Japanese foodstuffs face high hurdle for Olympics

Japanese foodstuffs face high hurdle for Olympics
This photo, taken on June 26, 2014, in Tokyo, shows foodstuffs produced in Tokyo that were served to IOC Coordination Commission members.
PHOTO: Japan News/ANN

Japan faces a new hurdle for the 2020 Tokyo Olympic and Paralympic Games over whether it is possible to obtain international certificates for foodstuffs and wood to be used at the Games.

Since the 2012 London Games, plans have been in the works for nations hosting the Games to procure products that have received certification stating whether sufficient consideration had been paid to sanitary controls and environmental protection.

However, organising certification systems in Japan has been sluggish, worrying officials in charge of the Games.

The Tokyo Organizing Committee of the Olympic and Paralympic Games regards dining halls of the athletes' village as places where washoku cuisine can be promoted to the rest of the world, and thus wants to use domestically produced foodstuffs as much as possible.

Even if Japanese firmly believe that domestic foodstuffs are safe, people from abroad might not be as understanding. Therefore, it is likely that the organising committee will choose foodstuffs that receive a certain level of safety certification.

The global Good Agricultural Practice (GAP: see below) certificate is seen as a major candidate for international certification for the 2020 Games. The global GAP is an international certification on agricultural products that was employed during the London Games.

Sources say 330 tons of vegetables and fruit and 82 tons of fisheries products were needed in the athlete village of the London Games. In Europe, the number of farms that had obtained international safety certificates increased, making procurement of foodstuff possible.
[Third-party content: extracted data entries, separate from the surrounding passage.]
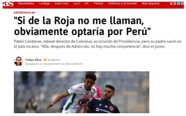 Sobre Pablo Cárdenas se sabe que nació en Providencia, Chile, pero que tiene raíces de nuestro país, pues el padre del jugador es peruano. Tras esto el futbolista podría elegir, en un futuro, jugar en la Selección Peruana o chilena, si es que es convocado por ambas. Cabe resaltar que el libro de pases en el torneo local cierra el 8 de marzo.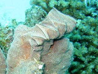 サンゴと一体化してしまった トサカガキ。 それにしても、なんでこんなに 凶悪的な口のデザインかね〜。 |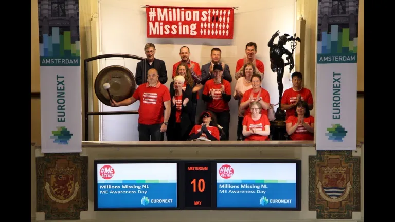 De Nederlandse organisatoren van de wereldwijd georganiseerde campagne MillionsMissing openen met een slag op de gong de beurs in Amsterdam. Zo slaan ze symbolisch alarm voor de onder financiering van onderzoek naar de ziekte Myalgische Encefalomyelitis (ME).

In Japan, meanwhile, a general incorporated foundation to promote GAP was established in June, but only about 200 farms have obtained global GAP certificates.

Some people in the agricultural sector have voiced concern.

"If the situation goes unchanged, sufficient quantities of domestically produced foodstuffs with proper certification will not be procured," said a representative of an agricultural production corporation in the Kyushu region. "If that happens, Japan will have to rely on foreign products to procure a sufficient amount of foodstuffs."

Therefore, the Agriculture, Forestry and Fisheries Ministry is considering sending a proposal to the organising committee asking that the procurement of foodstuffs using Japan's own safety certification be allowed. About 2,500 farms have obtained Japanese certification.

Concerning wood products to be used to construct Olympic facilities, it is highly likely that international certification regarding the environment and ecosystems will be employed, as was seen for the London Games. The Forest Stewardship Council (FSC) issues international certification for forestry products, so this certification is a prime candidate for the Tokyo Games.

Last December, 20 local governments, including those of Yamanashi Prefecture and Hamamatsu, established a council to promote products with the FSC certification and decided to speed up popularizing them. At the same time, local governments have asked the organising committee and other relevant authorities to use FSC-certified goods produced in the prefectures and municipalities.

GAP

An international foodstuff safety standard of primary agricultural products. The system is managed and operated by a nonprofit organisation headquartered in Germany. The certification has about 250 checkpoints over sanitary controls, improvements in working conditions and compliance, among other things. More than 140,000 farms in 117 countries have obtained the certification.